Global Reductions

1 Overview

In a parallel application like OMEGA, it is often necessary to perform averages, sums or other global collective operations on the distributed data. These reductions are described here.

2 Requirements

2.1 Requirement: Global sums

The ability to perform the sum of all elements of a distributed array is required

2.2 Requirement: Global min/max

The ability to find the minimum or maximum value in a distributed array is required.

2.3 Requirement: Data types

There must be reductions for all supported arithmetic types (integers, floating point) and all array dimensions from 0-d (scalars) to 5-d.

2.4 Requirement: Sums with product

In many cases, a global sum is often performed on a product of two arrays. For example, a sum can be performed with a multiplicative mask or a sum may be a dot product of two vectors within a solver. A global sum interface that multiplies two arrays before the sum is required.
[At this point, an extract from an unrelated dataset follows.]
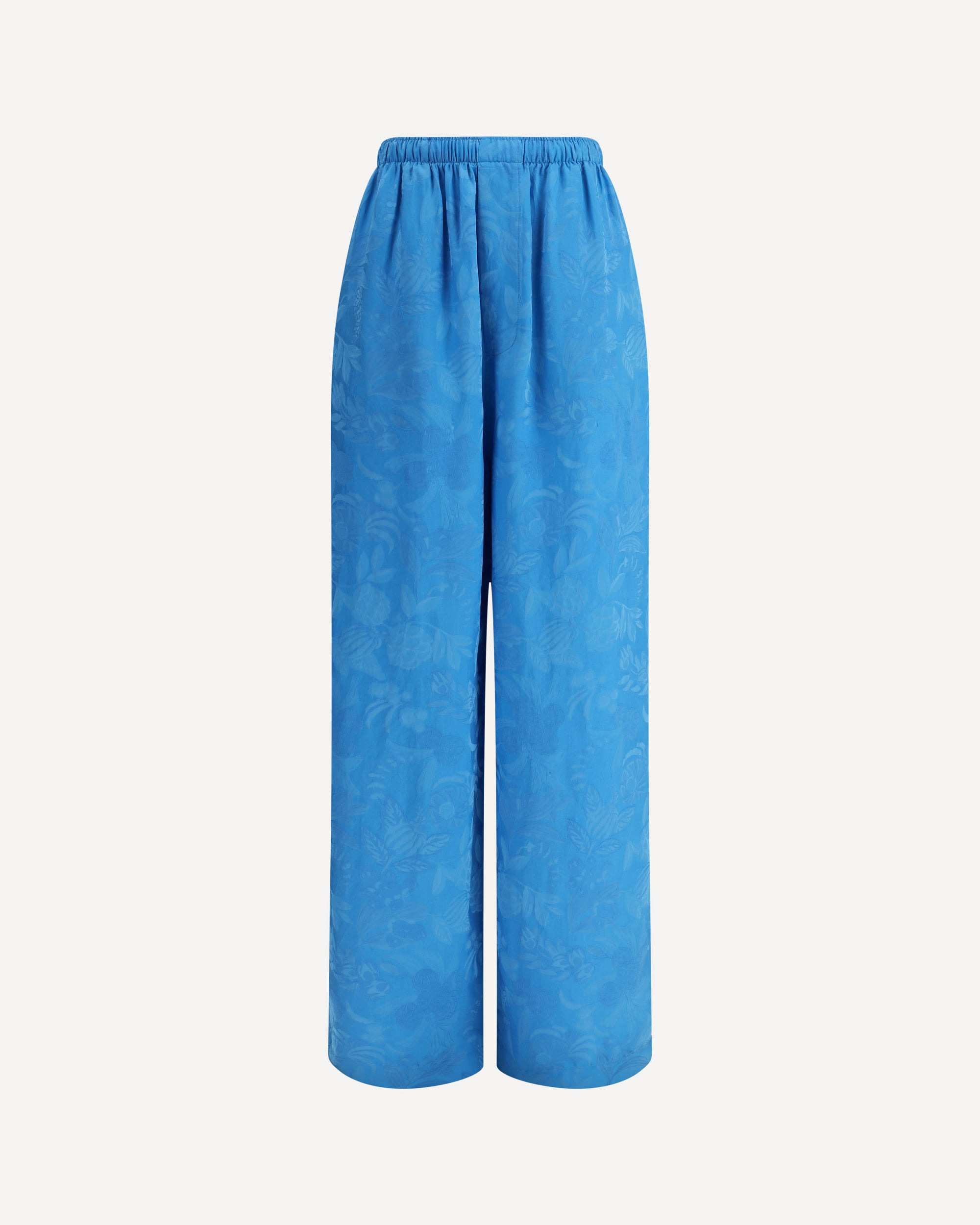 Balenciaga's floral print Pants combine comfort and style in a relaxed, distinctive design. Featuring an elasticized waistband and loose fit, they feature two side welt pockets and a patch pocket on the back. The vibrant floral print adds a graphic and contemporary touch, perfect for casual looks with a strong character. DETAILS - Sku: 847154TSO23_4850 - Season: AW25 - Fit: Regular - Composition: GENERAL 62% Viscose 38% Silk - MADE IN PORTUGAL

2.5 Requirement: Restricted address space

In order to compute reductions over only owned and active cells/edges or for regional diagnostics, there must be an option to restrict the address space over which the local portion of sums are computed.

2.6 Requirement: Multiple fields/arrays

For performance reasons, it is often beneficial to compute reductions for multiple arrays at the same time to reduce the number of messages and associated message latency. An interface for computing independent reductions for multiple arrays at once is needed. Note that the size of the arrays and any associated options must be the same for all arrays in a multi-field reduction. It would be possible to relax this restriction in the future.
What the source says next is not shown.